Werner is hardly the only "trucking" company that's into logistics in a big way these days. On the top 30 North American 3PLs, ranked by 2009 gross revenue by logistics analyst Armstrong & Associates, names such as Schneider, Landstar and J.B. Hunt are there alongside big international supply chain companies such as DHL or DB Schenker, as well as C.H. Robinson, founded in 1905 as a wholesale produce brokerage house, which did $7.6 billion in gross revenues last year and handled 7.5 million shipments.
The third-party logistics sector in the U.S. is expected to expand by more than 13 percent this year, said Evan Armstrong, president of Armstrong & Associates, at the Atlanta 3PL Summit. About 75 percent of Fortune 400 companies are using at least one 3PL, Armstrong explained. The larger the firm, the more likely they are to use 3PLs. Within the Fortune 100, he said, 93 percent of the companies use one or more 3PLs.
Yet it's not just large shippers that are increasingly using 3PLs, explains John Beckett, vice president, Menlo Worldwide Logistics. He explains that while Menlo handles larger shippers, a relatively new division, Con-way Multimodal, focuses on mid-size customers.
"When there's a small- to mid-market customer and there's global sourcing going on, and the customer hasn't necessarily invested in the infrastructure to manage complex supply chain needs, there's a big market demand for this type of capability," Beckett says. "We find they value single-point coverage."
What IS 3PL, anyway?
The term third-party logistics, or 3PLs, started to emerge in the '80s. Essentially, it's a supply chain practice where one or more logistics functions of a firm are outsourced. It's a broad and sometimes nebulous term, covering everything from a fancy word for a broker up to a company that takes total control of a manufacturer's supply chain, including not only transportation via multiple modes - truck, rail, ocean, air, often globally - but also warehousing, and even packaging, order fulfillment and other services.
Larger 3PLs that handle many elements of the supply chain say the term 3PL is often mis-used by brokers who are trying to distance themselves from the fly-by-night brokers the industry has seen too often.
"Yes, we might have capabilities with respect to brokerage, but it's more than that," says Mathew Menner, senior vice president of sales and alliances for Transplace.

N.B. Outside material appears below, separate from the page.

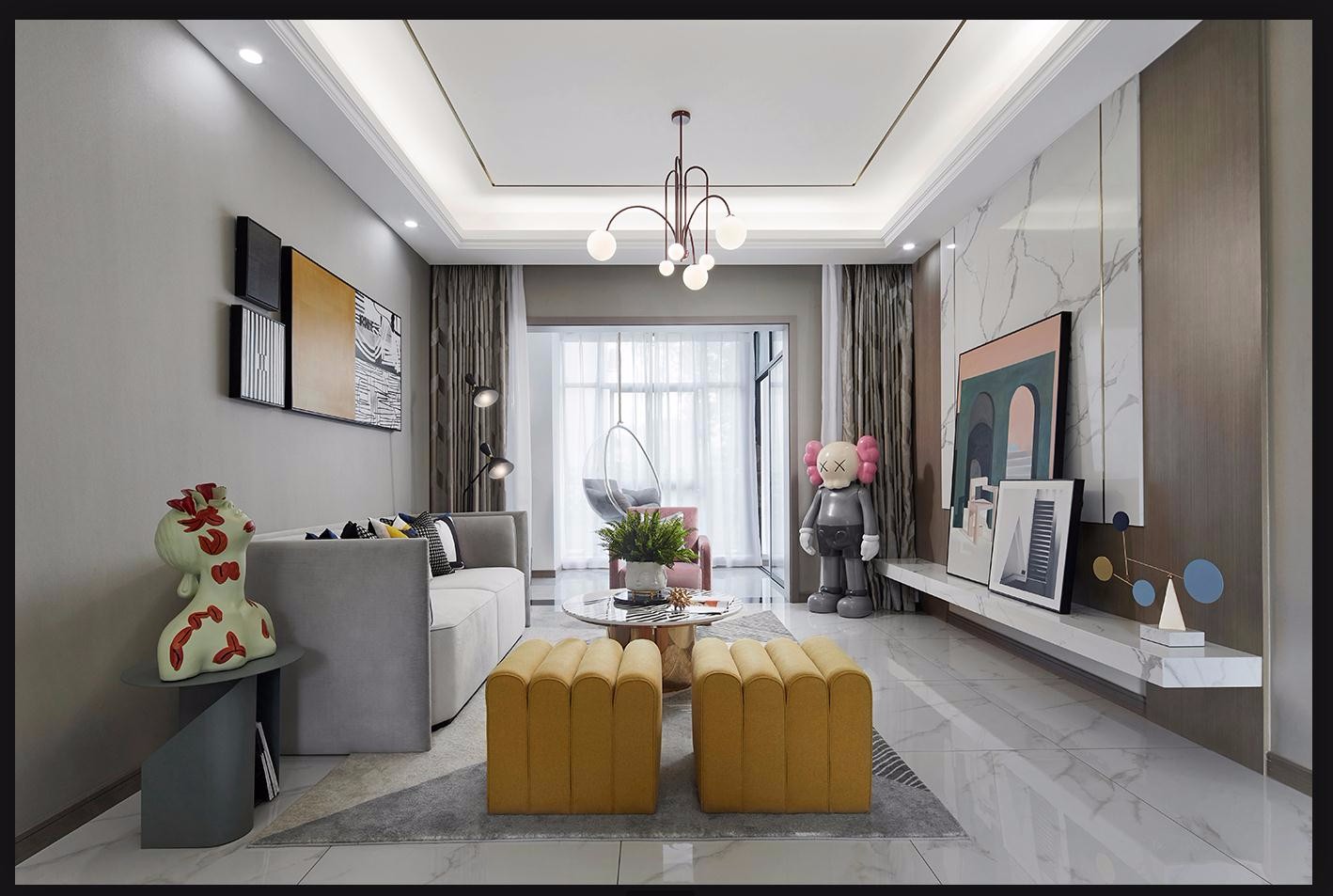 米白质感石材和灰调家具营造现代感,一抹明媚的黄率先闯入眼帘,融入简约几何图形的软装饰品,充满童趣的玩偶形制雕塑,点缀生活写意的绿植。时光正好,从初始运用在光影层次的打造,艺术与空间交织出新的篇章。

Originally founded by a handful of major truckload carriers 10 years ago, the 3PL had its best year ever last year. "The shipper is our customer, and we are controlling either the entire aspect of the supply chain or the transportation function of the supply chain, to their direct benefit. We might be involved in network design, in setting up the supply chain. We're looking through the lends of the shipper first and foremost."
In the past, big manufacturers and retailers built up their own internal transportation departments. "A lot of them have now said transportation's not a core competency, and they're not going to invest in the human capital and technology required to manage an increasingly complex supply chain," Con-way's Beckett says.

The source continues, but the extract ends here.